An emotionally-charged triumph from the Oldham Choral Society

Date published: 13 November 2018


Review by Stuart Ferguson

Oldham Choral Society Armistice Centenary Concert at the Royal Northern College of Music

Sir Karl Jenkins is now the most-performed living composer, according to recent surveys and a BBC documentary.

His Mass for Peace - ‘The Armed Man’ - must surely be responsible for this.

Oldham Choral Society made it their major piece in their magnificent Armistice Centenary Concert ‘On Land and Sea’, performed in the newly-refurbished Concert Hall of the Royal Northern College of Music in Manchester.

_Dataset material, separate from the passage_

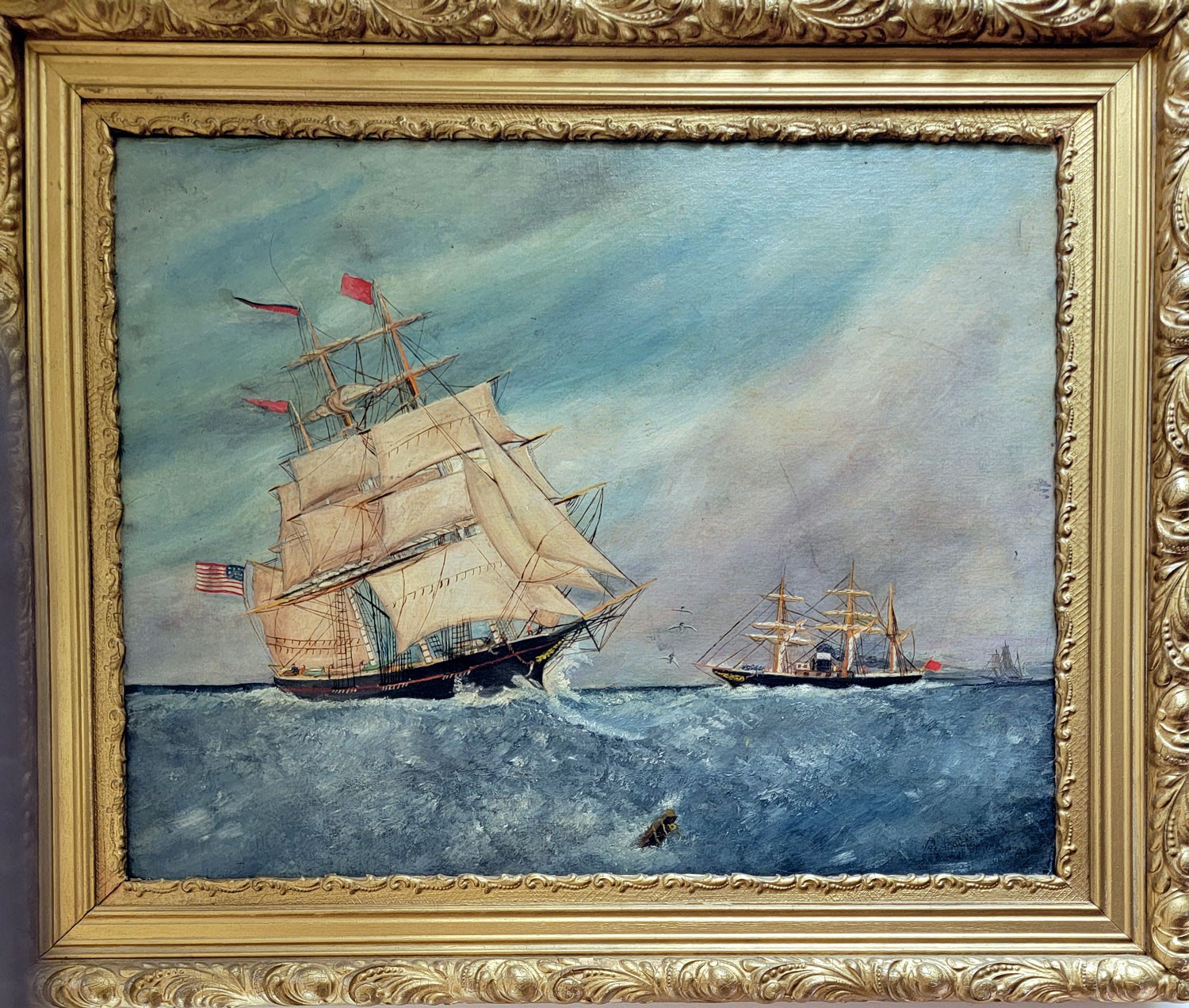 The painting is an oil on canvas, signed lower right, of a ship with two ships in the background.

The work was commissioned by the Royal Armouries as part of its commemoration of the Millennium and was premiered at the Royal Albert Hall on April 25, 2000.

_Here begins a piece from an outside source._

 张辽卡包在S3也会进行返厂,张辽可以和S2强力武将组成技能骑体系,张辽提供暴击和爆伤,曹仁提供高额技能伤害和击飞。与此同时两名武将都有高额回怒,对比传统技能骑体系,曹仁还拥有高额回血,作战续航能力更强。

It has been performed over 1,500 times in 20 different countries since then.

Oldham Choral Society moved straight into it with a line of bass singers marching in to the performance area to the beat of the snare drum.

We were there: right at the start, when young men scrambled to join up and proudly fight for King and Country not knowing they would be blown to smithereens in their millions as the War To End All Wars stretched to four years, three months and fourteen days.

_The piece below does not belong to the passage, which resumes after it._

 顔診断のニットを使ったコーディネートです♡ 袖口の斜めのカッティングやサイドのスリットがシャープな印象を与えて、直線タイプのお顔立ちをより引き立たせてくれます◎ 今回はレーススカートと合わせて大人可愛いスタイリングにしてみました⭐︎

This was not just a concert; it was far more than that.

It was a virtuoso performance that took us on a rollercoaster of emotions not only in words and music, but in movement and feelings.

When the Muezzin from a local Mosque, Hafiz Mizan, recited the Call To Prayers there was absolute stillness in the hall.

This spellbinding moment locked us all together across races and religions and became a wailing dirge in supplication for man’s inhumanity to man.

Another moment that brought tears to some was when the entire choir turned away from the audience, as if in private grief, when the Last Post was sounded.

The choir produced clear, understated singing, which, correctly for the occasion, was subdued at times, but very sweet.

All was charged with emotion and remembrance.

Musical Director and Conductor Nigel P. Wilkinson, who has completed 20 years’ service in these capacities with Oldham Choral Society, successfully melded together the choristers and the musicians of the East Lancs Sinfonia Orchestra into a cohesive whole that resonated with the mood of the day.

This was a magnificent, majestic and soul-touching experience and a wonderful and right tribute to commemorate the Centenary of the 1918 Armistice.

The second half of the evening’s performance heard Bass Baritone, Dean Robinson, solo with the choir and orchestra in presenting Sir Charles Villiers Stanford’s, ‘Songs of the Fleet’, and Sir Henry Wood’s ‘Fantasia on British Sea Songs’ to a greatly appreciative audience.

These wonderful, evocative, set pieces lifted us from the horrors of war but in no way detracted from the major work of Jenkin’s ‘Armed Man’.

Ending with an unexpected encore of Parry’s ‘Jerusalem’, this Armistice Centenary Concert will certainly be remembered. It was a triumph!